Data on graduate students is an important part in determining the quality of a private and public university. Graduate data is included in important assessments in the accreditation process. Data from Uyelindo Kupang STIKOM graduates every year will continue to grow and accumulate like neglected data because it is rarely used. To maximize student data into information that can be used by universities, the data must be processed in this case used as training data in a study using data mining to obtain information in the form of predictions of graduation from Kupang Uyelindo STIKOM students. The method used in this study is K-Nearest Neighbor using rapidminer software to measure K-Nearest Neighbor's accuracy against student graduate data. The criteria used were in the form of student names, gender, cumulative achievement index (GPA) from semester 1 to 6. In applying the K-Nearest Neighbor algorithm can be used to produce predictions of student graduation. To measure the performance of the k-nearest neighbor algorithm, the Cross Validation, Confusion Matrix and ROC Curves methods are used, in this study using a 5-fold cross validation to predict student graduation.

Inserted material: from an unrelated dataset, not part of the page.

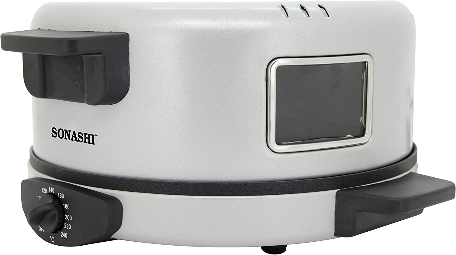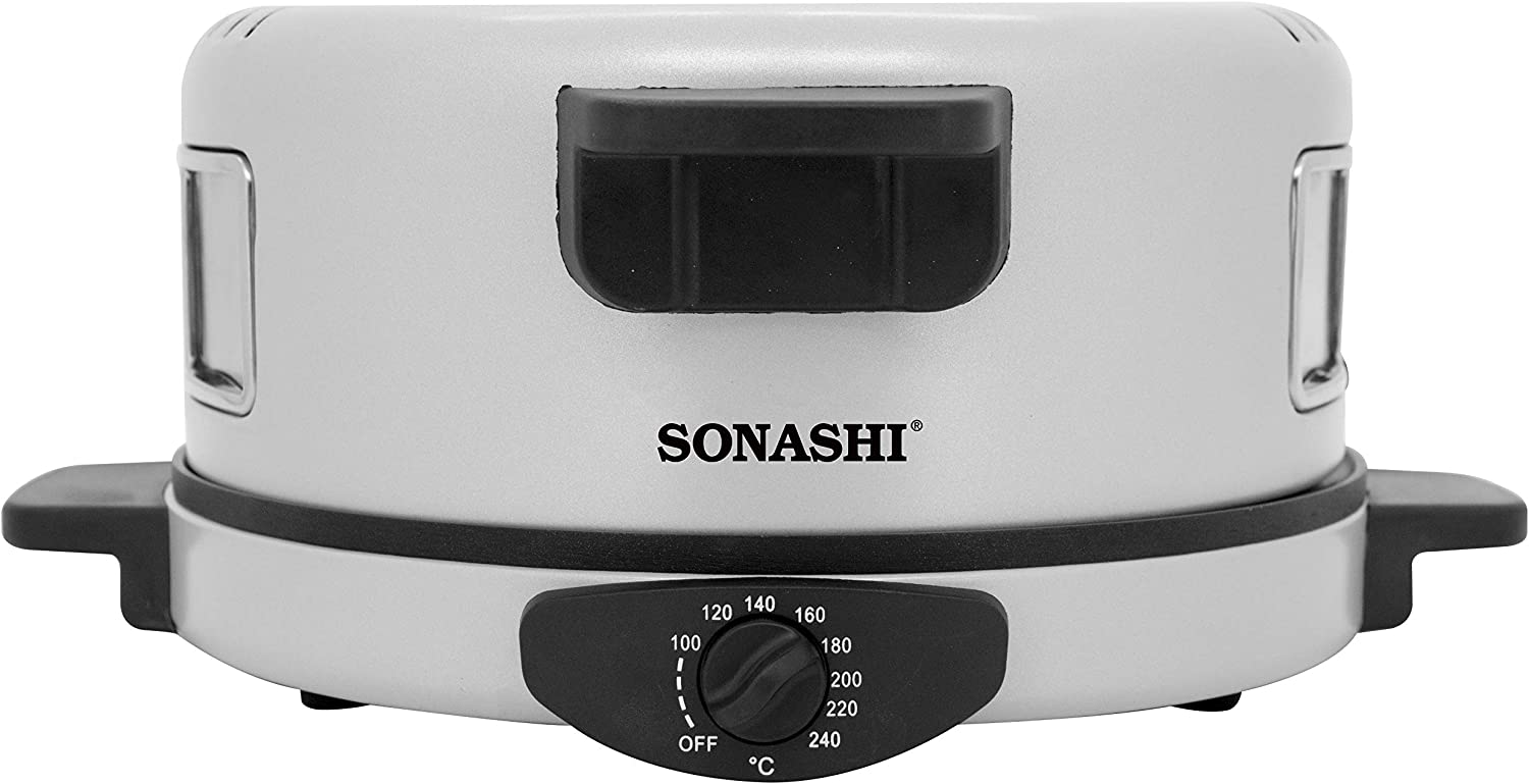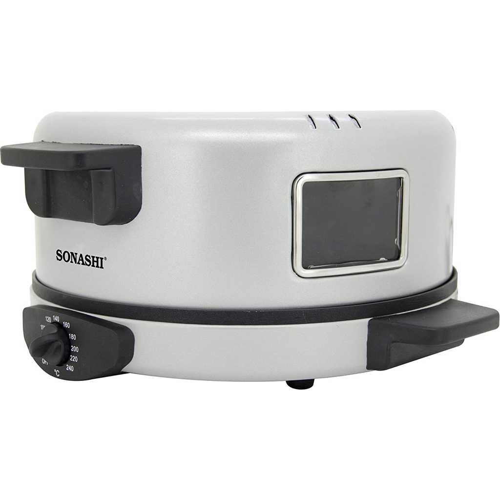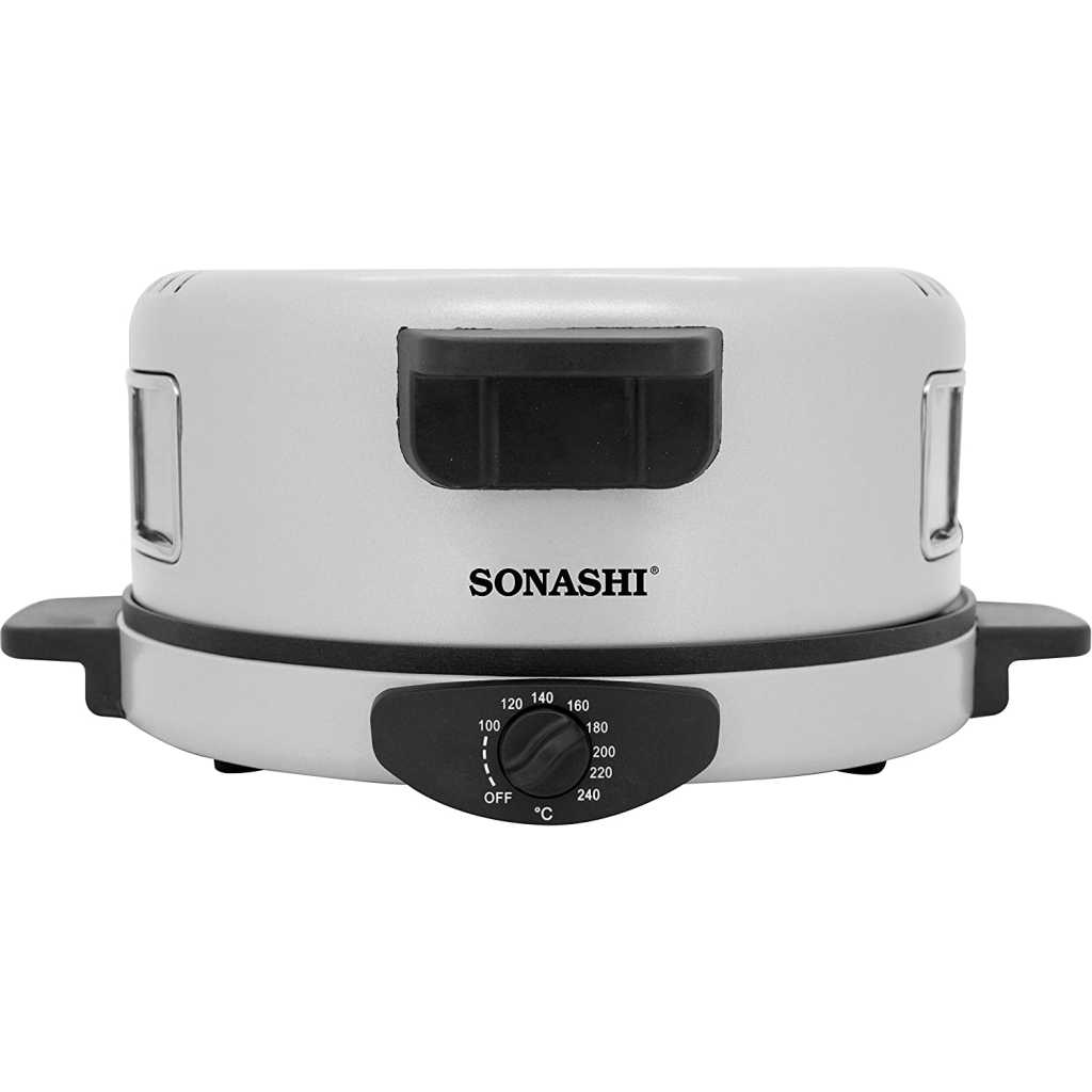 SONASHI 2-in-1 Arabic Bread & Pizza Maker SABM-863 – Stainless Steel Tube, On/Off Switch, Non-Stick Coating, Thermostat Control | 220-240 V ~ 50/60 Hz, 1800 W | Specialty Kitchen Appliances. Sonashi SABM-863 2 In 1 Arabic Bread and Pizza Maker is the tortilla maker is bolstered with a stainless-steel tube for uninterrupted usage along with non-stick coating for hassle-free cleaning. The Arabic pizza maker has cool-touch handles to prevent scalding. Make a variety of flatbreads such as Arabic bread, rotis, tortillas, pizzas, manakish, etc. without breaking a sweat. The quality pizza-bread maker by Sonashi ensures you treat guests with exotic breads, cooked to perfection. The 2-in-1 roti maker machine boasts an adjustable temperature between 180-240 degree celcius and has a switch for optimal control during cooking. This allows for fast roasting of bread so that you get just the type of crust you desire. Key Features: SONASHI 2-in-1 Arabic Bread & Pizza Maker SABM-863 – Stainless Steel Tube, On/Off Switch, Non-Stick Coating, Thermostat Control | 220-240 V ~ 50/60 Hz, 1800 W | Specialty Kitchen Appliances. 2-IN-1 ARABIC BREAD MAKER: Make a variety of flatbreads such as Arabic bread, rotis, tortillas, pizzas, manakish, etc. without breaking a sweat! The quality pizza-bread maker by SONASHI ensures you treat guests with exotic breads, cooked to perfection. HIGH QUALITY CONSTRUCTION: The tortilla maker is bolstered with a stainless-steel tube for uninterrupted usage along with non-stick coating for hassle-free cleaning. The Arabic pizza maker has cool-touch handles to prevent scalding. ADJUSTABLE TEMPERATURE: The 2-in-1 roti maker machine boasts an adjustable temperature between 180-240 ℃ and has a switch for optimal control during cooking. This allows for fast roasting of bread so that you get just the type of crust you desire. SMART DESIGN: The thoughtfully constructed pizza maker is topped with several useful features such as a viewing window to see if the cooking is progressing correctly, and a vented dome lid to get a crispy exterior every time. The red-light indicator signifies that the bread is ready! PRODUCT SPECIFICATIONS: The 2-in-1 electric bread maker runs on a voltage of 220- 240 V and has a power of 1800 W. It features a 30 cm diameter, a 2.55 mm thick die-cast cooking plate.
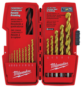The 14-piece Milwaukee Thunderbolt titanium-coated drill bit set offers convenience and heavy-duty performance on the jobsite. Milwaukee thunderbolt titanium-coated drill bits are designed for extreme durability and up to 3X longer life. The thunderbolt web features a thicker core than a standard drill bit to provide ultimate strength and protect against side-load breakage. The titanium coating reduces heat build-up and keeps the bit sharp to extend performance. A specially designed parabolic flute form clears chips and debris fast to keep the bit cool. The 135 deg split point tip delivers a precision start and prevents walking for fast, accurate holes. Effective for drilling on curved surfaces, Milwaukee thunderbolt titanium-coated bits require less effort to drill through wood, metal and PVC and are highly recommended for use with portable drills. The set comes in a resilient case and includes bit sizes 1/16 in, 5/64 in, 3/32 in, 7/64 in, (2) 1/8 in, 9/64 in, 5/32 in, 3/16 in, 7/32 in, 1/4 in, 5/16 in, 3/8 in and 1/2 in.

From 100 student dataset records Uyelindo Kupang STIKOM graduates obtained accuracy rate reached 82% and included a very good classification because it has an AUC value between 0.90-1.00, which is 0.971, so it can be concluded that the accuracy of testing of student graduation models using K-Nearest Neighbor (K-NN) algorithm is influenced by the number of data clusters. Accuracy and the highest AUC value of 5-fold validation is to cluster data k = 4 with the accuracy value of 90%.
最近为学生毕业预测的K-NEAREST目标
研究生的数据是决定私立和公立大学质量的重要组成部分。毕业生数据包括在认证过程中的重要评估。Uyelindo Kupang STIKOM毕业生的数据每年都会继续增长,并像被忽视的数据一样积累,因为它很少被使用。为了最大限度地将学生数据转化为大学可以使用的信息,在这种情况下,数据必须作为研究中的训练数据进行处理,使用数据挖掘来获取Kupang Uyelindo STIKOM学生毕业预测形式的信息。本研究中使用的方法是k近邻,使用rapidminer软件测量k近邻对学生毕业数据的准确性。使用的标准是学生姓名,性别,从第一学期到第六学期的累积成绩指数(GPA)。在应用k近邻算法可以用来产生学生毕业的预测。为了衡量k近邻算法的性能,使用交叉验证、混淆矩阵和ROC曲线方法,在本研究中使用5倍交叉验证来预测学生毕业。Uyelindo Kupang STIKOM毕业生的100个学生数据集记录中,准确率达到82%,并包含了非常好的分类,因为它的AUC值在0.90-1.00之间,即0.971,因此可以得出使用k -最近邻(K-NN)算法测试学生毕业模型的准确性受到数据聚类数量的影响。准确率和5倍验证的最高AUC值是对数据k = 4进行聚类,准确率值为90%。
本文章由计算机程序翻译,如有差异,请以英文原文为准。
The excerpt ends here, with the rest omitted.